By: Alexander Mervar
OpenAI gym is a highly accessible and maximally convenient way of combining deep and reinforced learning for AI agents. It’s collection of environments, diversify the challenges and AI can face. The Gym has a common interface to make it very easy to access different environments. It also has the capability of expanding to more environments. Due to this, the OpenAI Gym has also made it a priority to maintain the capability to reproduce meaningful results as time progresses and the development of the Gym continues. This focus on the environments of the gym shows that the creators of the OpenAI Gym are aware of the different styles of AI development and processing, which are “online learning” and “batch update” learning. To maintain focus on AI quality, the Gym puts emphasis on the time it takes an agents to complete its task. The environment does not solely focus on the end product. This is due to the fact that when examining agents, the end product can be improved by computational resources and not AI quality. Thus, a focus on sample complexity is necessary to evaluate the agents.

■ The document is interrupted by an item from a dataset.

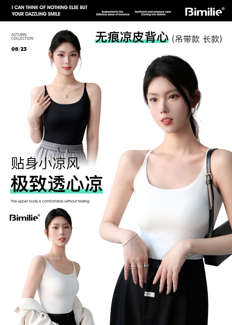 【品名】Bimilie 蚕丝螺纹胸垫背心/Bimilie 无痕凉皮背心/裸氨羊毛蚕丝发热背心(宽肩带)(细肩带)
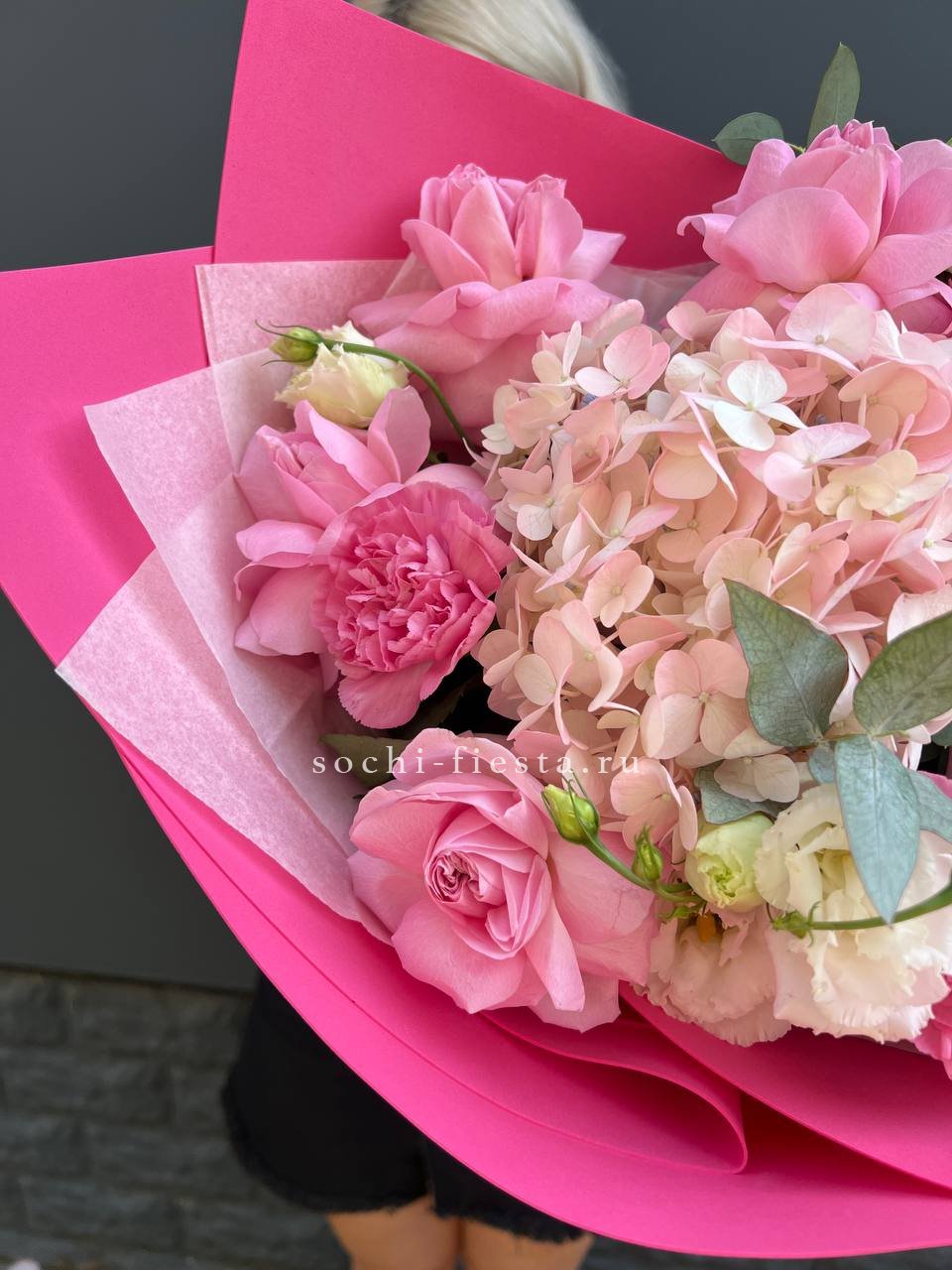 французские розы, маттиола, гортензии, эвкалипт, стифа, упаковка, лента.

The authors and creators of OpenAI Gym are aware of the many challenges that face many areas of AI development. Thus, there is an emphasis on the real world applications of the technology at hand and the OpenAI Gym reflets these areas where necessary attention is warranted. The authors share the reasoning and thought process behind every one of their steps. This is supplemented by the exampling of code as well as screenshots of several environments that are available in the OpenAI Gym.
The publication of not only this paper but the production of the OpenAI Gym allows for ease-of-access AI development tools, which are incredibly sparse in the world of AI development. This capability radically changes the way that AI can produced and exponentially increased the chances for a powerful agent to be created. Like AI Safety Gridworlds, these environments also allow one to be able to recognize fallacies in the agent and make necessary adjustments to optimize the agent’s performance.